Even with the pandemic forcing many businesses in foreign countries to halt operations, affecting Vietnamese workers and their income, remittances to Vietnam fell 5 percent over 2019, according to the World Bank.
Bank officials have remarked on a shift in motivation behind remittances over the years. Previously the Vietnamese diaspora sent remittances to Vietnam to support their families, but in recent years, they are sent as investment for doing business in Vietnam.
Besides traditional remitting countries like the U.S., Canada, Australia, Germany, the U.K., and France, remittances are also coming in from the East and Southeast Asian countries and territories like Japan, South Korea, Taiwan, Hong Kong, Macau and Singapore.
Many Vietnamese guest workers and women are married to locals in these places.

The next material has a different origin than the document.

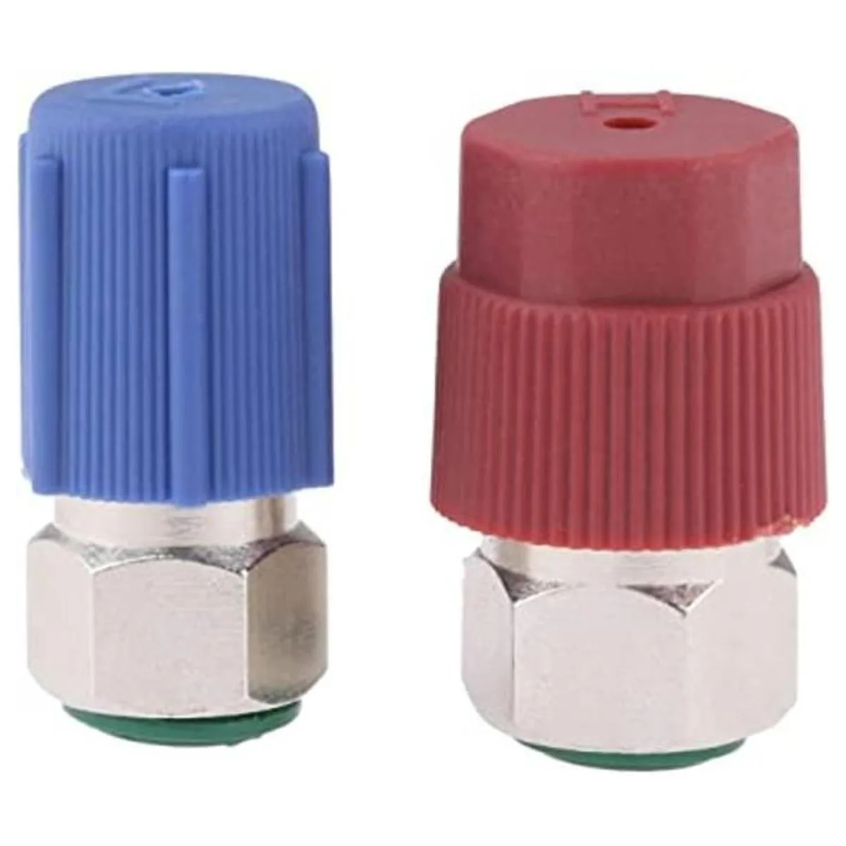 Dimensiones Estos adaptadores/accesorios de lado bajo/alto convertirán tu viejo puerto de carga SAE de 1/4 pulgadas o 7/1620 UNF R12 R22 y harán que acepte la manguera de desconexión rápida R134a. Lado bajo, 1/4 pulgadas 7/16 pulgadas 20 x 0.512 in azul. Lado alto, 1/4 pulgadas 7/16 pulgadas 20 x 0.630 in rojo.

There are around 580,000 Vietnamese citizens working overseas now, up from 500,000 in 2010, said Nguyen Gia Liem, vice head of the Department of Overseas Labor under the Ministry of Labor, Invalids and Social Affairs.
According to money transfer companies, remittances in 2021 are hard to forecast as it depends on how effective global pandemic control will turn out and how government policies support businesses and individuals.
The World Bank has forecast that global remittances could drop 14 percent this year due to the global economic recession triggered by Covid-19 and continued border closures. In such a scenario, it is likely that remittances to Vietnam will not grow in 2021.